* DESCRIPTION OF THE TASK
Give again, word for word, the lines below that run from the line with "期货日历 | 10月待关注的重要数据与事件一览" through the line with "Originale e antico". Drop the pictures.

* DATASET EXCERPTS
*** Block opens ***

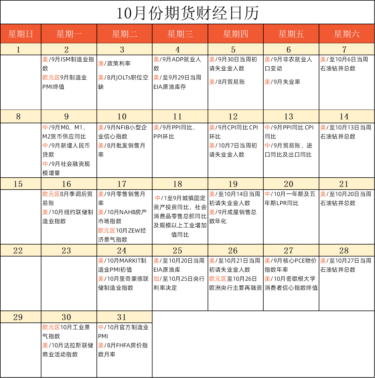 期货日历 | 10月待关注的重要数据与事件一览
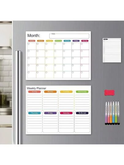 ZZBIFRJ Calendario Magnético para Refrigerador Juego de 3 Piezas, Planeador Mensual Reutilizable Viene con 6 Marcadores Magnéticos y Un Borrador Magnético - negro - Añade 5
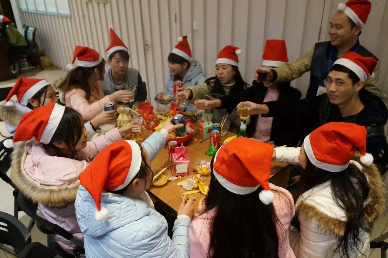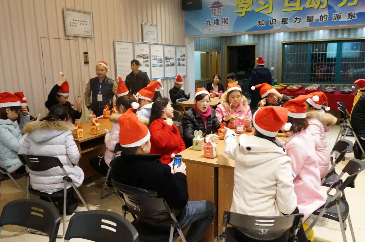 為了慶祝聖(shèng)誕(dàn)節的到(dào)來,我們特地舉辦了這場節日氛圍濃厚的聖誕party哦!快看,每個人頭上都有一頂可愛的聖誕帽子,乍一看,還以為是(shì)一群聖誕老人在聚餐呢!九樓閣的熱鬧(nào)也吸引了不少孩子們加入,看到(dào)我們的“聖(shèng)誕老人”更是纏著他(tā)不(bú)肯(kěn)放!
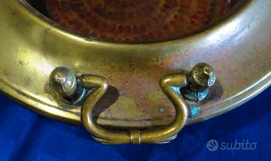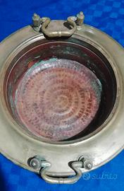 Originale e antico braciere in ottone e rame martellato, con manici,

*** Block closes ***
*** Block opens ***

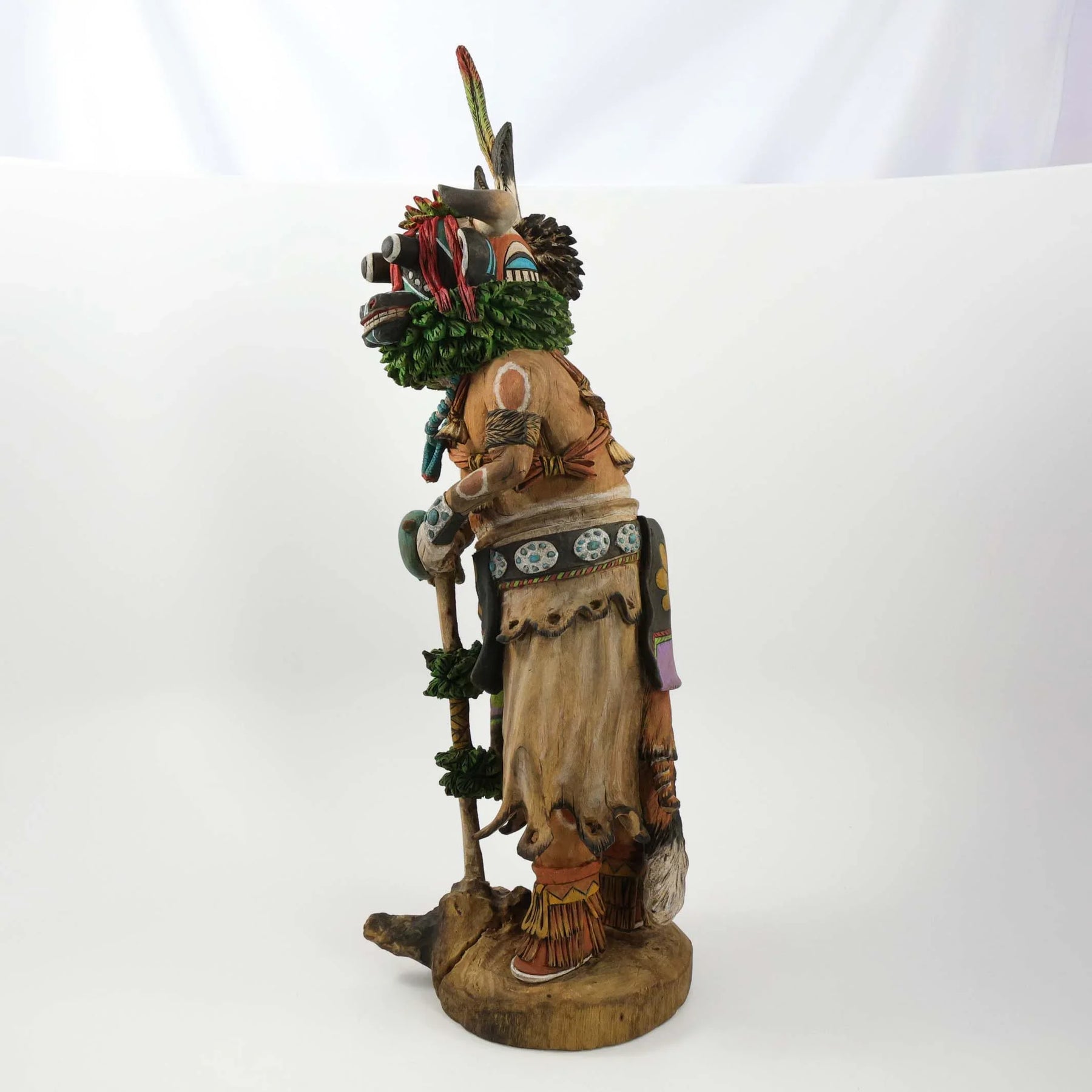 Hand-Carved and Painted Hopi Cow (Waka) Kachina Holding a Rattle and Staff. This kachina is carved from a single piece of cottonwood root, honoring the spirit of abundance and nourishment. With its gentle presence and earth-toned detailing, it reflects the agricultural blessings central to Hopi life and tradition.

*** Block closes ***
*** Block opens ***

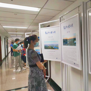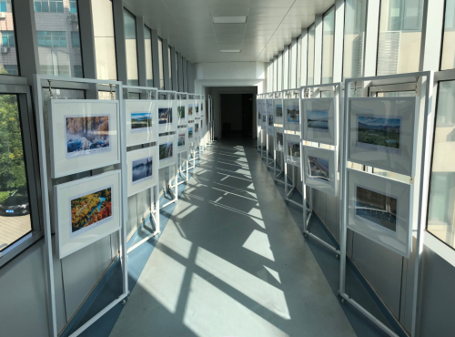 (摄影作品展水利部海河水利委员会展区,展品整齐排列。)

*** Block closes ***

* ANSWER AREA
 期货日历 | 10月待关注的重要数据与事件一览
 ZZBIFRJ Calendario Magnético para Refrigerador Juego de 3 Piezas, Planeador Mensual Reutilizable Viene con 6 Marcadores Magnéticos y Un Borrador Magnético - negro - Añade 5
 為了慶祝聖(shèng)誕(dàn)節的到(dào)來,我們特地舉辦了這場節日氛圍濃厚的聖誕party哦!快看,每個人頭上都有一頂可愛的聖誕帽子,乍一看,還以為是(shì)一群聖誕老人在聚餐呢!九樓閣的熱鬧(nào)也吸引了不少孩子們加入,看到(dào)我們的“聖(shèng)誕老人”更是纏著他(tā)不(bú)肯(kěn)放!
 Originale e antico braciere in ottone e rame martellato, con manici,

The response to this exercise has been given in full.